By exposing the natural fluorophores of the retina to blue or green light, FAF will cause an autofluorescence response that will appear as hyperfluorescence (an increased signal) or hypofluorescence (a decreased signal). This noninvasive imaging method does not require an injection of a dye to take advantage of the autofluorescent qualities of ocular fluorophores to detect early changes and monitor for progression of retinal diseases.1

Retinal Fluorescence 

Fluorophores are compounds that absorb light at a certain wavelength and release light in an excited state to become autofluorescent.1 There are several structures of the eye that have fluorophores, including the cornea, lens and retina; however, primarily what will be discussed in this article are those located in the RPE. 

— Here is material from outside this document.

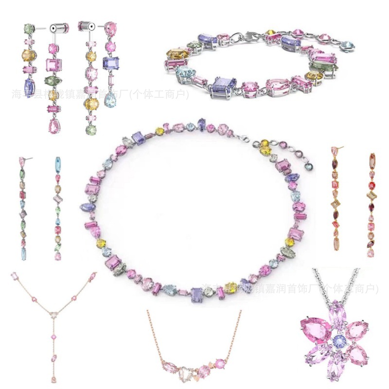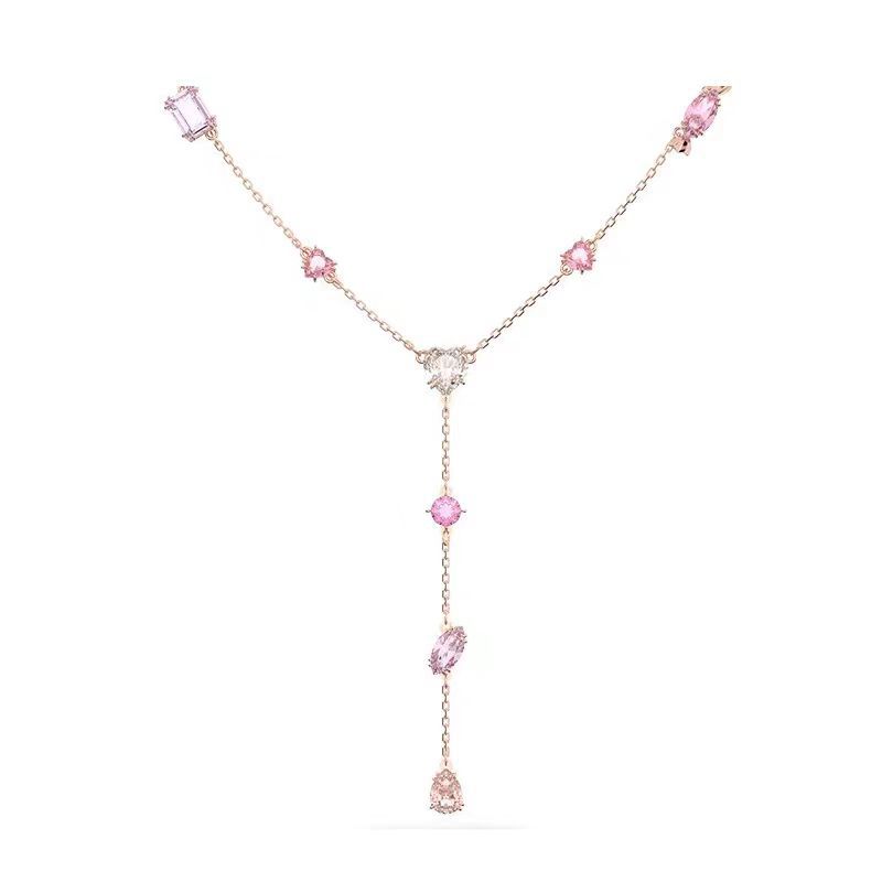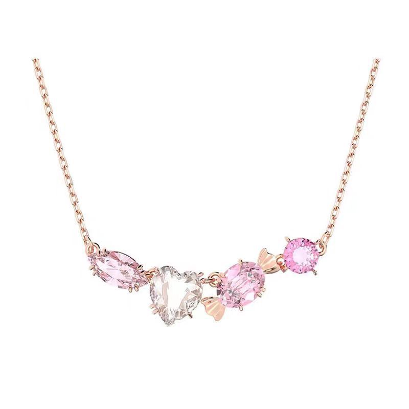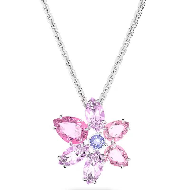 Color: Pink flower crystal necklace

The most abundant ocular fluorophore in the retina is lipofuscin. It possesses a mixture of autofluorescent properties that are waste products capable of absorbing blue light at an excitation wavelength of 470nm.1 These waste products are bisretinoid compounds formed in the outer segments of the photoreceptor as byproducts of the visual cycle. They are then deposited in the RPE to be broken down.1 However, in the presence of RPE dysfunction, from conditions such as Stargardt’s disease or age-related macular degeneration (AMD), lipofuscin will accumulate and act as a marker for metabolic activity, providing an early indication for inherited retinal diseases or degeneration of the retina. 

FAF dramatically reveals clinical evidence of central serious chorioretinopathy in this case.

FAF dramatically reveals clinical evidence of central serious chorioretinopathy in this case. Photos: Anna Bedwell, OD, and Brad Sutton, OD. Click image to enlarge.

Melanin is another ocular fluorophore in the RPE that protects the retina from light-induced damage such as ultraviolet radiation.1 The compound also acts as an antioxidant to protect against free radicals, photo-oxidation and even lipofuscin accumulation. Unlike lipofuscin, melanin has a higher peak of excitation at a longer wavelength of 787nm, so it absorbs the shorter wavelengths of blue (488nm) and green (514nm) light used by FAF and decreases the autofluorescent signal. 

Imaging Modalities

Confocal scanning laser ophthalmoscopy (cSLO) uses a system of mirrors to focus a low-powered laser beam to map the retina in a raster-like pattern.1 It uses blue light excitation at a wavelength of 488nm. This generates autofluorescence while at the same time eliminates interference from scattered light due to other ocular structures like the crystalline lens, through confocal optics.1 What’s more, cSLO can capture multiple images and average the quality in real-time to produce high-contrast and high-resolution images. Challenges with using cSLO include a lack of ability to take color photos and the inability to perform testing after fluorescein angiography (FA) since both cSLO and FA use similar excitation wavelengths of 488nm. 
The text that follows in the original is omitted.